Posted by: too scents | Jul 24 2022 15:50 utc | 25
what would be your design for West Economy version 2.0?
Posted by: Tom Pfotzer | Jul 24 2022 14:23 utc | 16
My opinion?
Imagine you are in a car as passenger, and the driver is driving erratically. You ask him to slow down, but he ignores all your requests. Seconds before the car is going to hit a house, he says: "Here, you take the wheel."
No, thank you. You got us here, and I prefer the car crashing with you behind the wheel. Then, after the crash, let's take stock and see whether something can be salvaged from the wreck. Or not.
Sorry, but that is how I feel about current-day society.
Posted by: Passerby | Jul 24 2022 16:01 utc | 26
Posted by: Pacifica Advocate | Jul 24 2022 13:33
Yes and yes. NATO is finished because it’s in at least the middle stages of demilitarization. If true that Ukraine is running low on ammunition, that means that soviet stocks (outside Transnistria) are severely depleted. But soviet stocks were what “new Europe” NATO relied on. Grand promises to replace what was sent to Ukraine with western stocks are turning out to be false. “New Europe” won’t be able to afford them, even if old Europe and the US could supply them. They can’t, as evidenced by the timelines they’re publishing. Especially Europe’s MIC is going to be hard pressed to rearm under current energy and raw material costs. So the US will have left “new Europe” in NATO but essentially undefended and indefensible … with “old Europe” not far behind.
To say crushing Europe was the plan is incorrect. If Russia is an existential enemy, crushing Europe is disastrous. The plan was to get Ukrainian gas and sell it to Europe controlled by the US and its puppet. The plan has gone horribly awry but nobody in charge knows what to do at this point except make it worse. And so this is how Russia pushes NATO back to 1997 borders without military operations. “New Europe” is going to have some very difficult choices to make over the next few years.
Posted by: Lex | Jul 24 2022 16:03 utc | 27
@ 4 too scents
Truss will turn the economy around just after she polishes off her Donbass Plan.

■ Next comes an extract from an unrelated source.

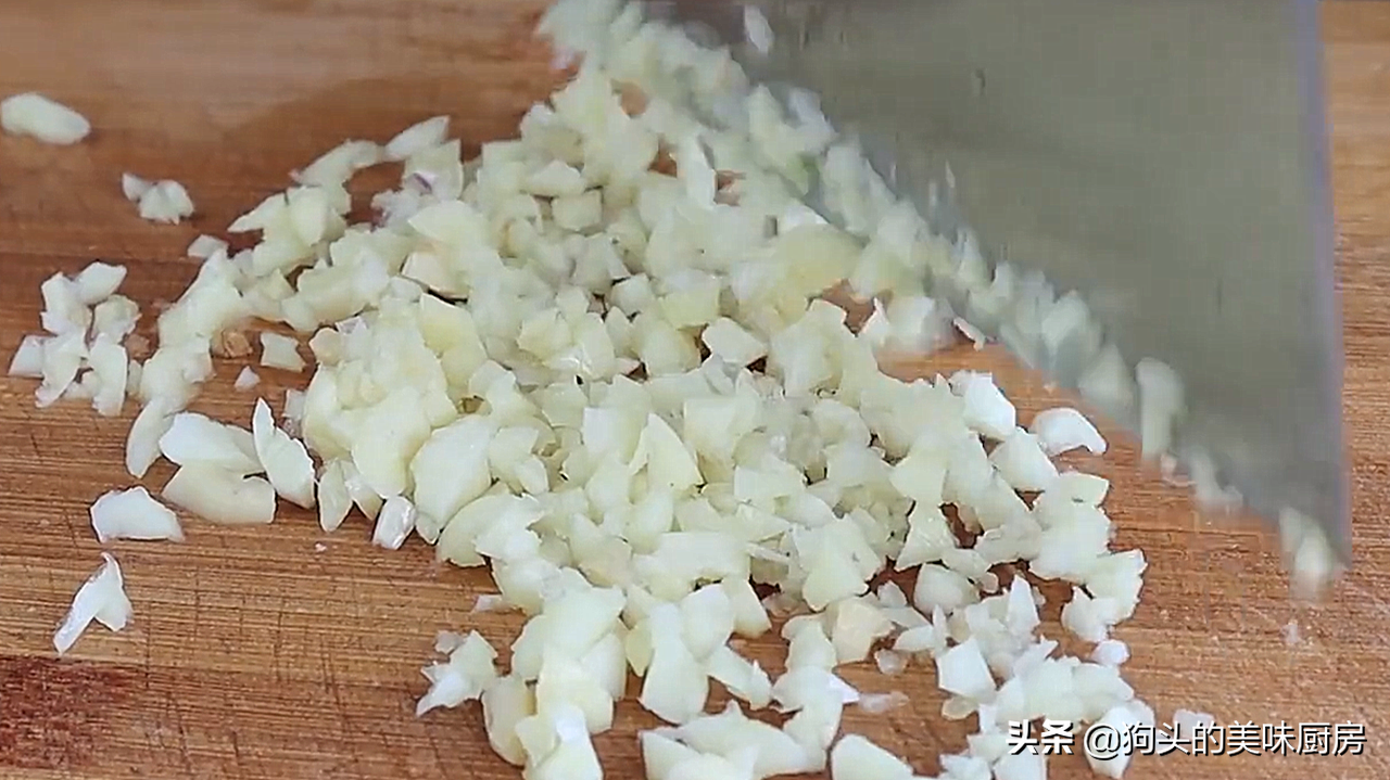 6.再拍点大蒜末去腥增香。剁成碎末备用。

I give her 18 months . . . . . . . before her private jet lands in New Zealand requesting political asylum.
Posted by: WTFUD | Jul 24 2022 16:03 utc | 28
@#1
"You know the way people in US ghettos try to keep folk down by accusing them of acting white."
i know american universities and HR departments are horrible, but i wouldn't call them "ghettos" necessarily.
Posted by: the pair | Jul 24 2022 16:03 utc | 29
Thank you Brendan. I have not read it either except for a little more than the first four pages.
From the page:
"Following its consideration of the completed fact-finding results, the ICAO Council acknowledged that the bomb threat against Ryanair Flight FR4978 was deliberately false and endangered its safety, and furthermore that the threat was communicated to the flight crew upon the instructions of senior government officials of Belarus."In other words the report is biased make-believe speculation and complete bullshit :(
The allegation is extremely far removed from the scope and technical expertise of ICAO.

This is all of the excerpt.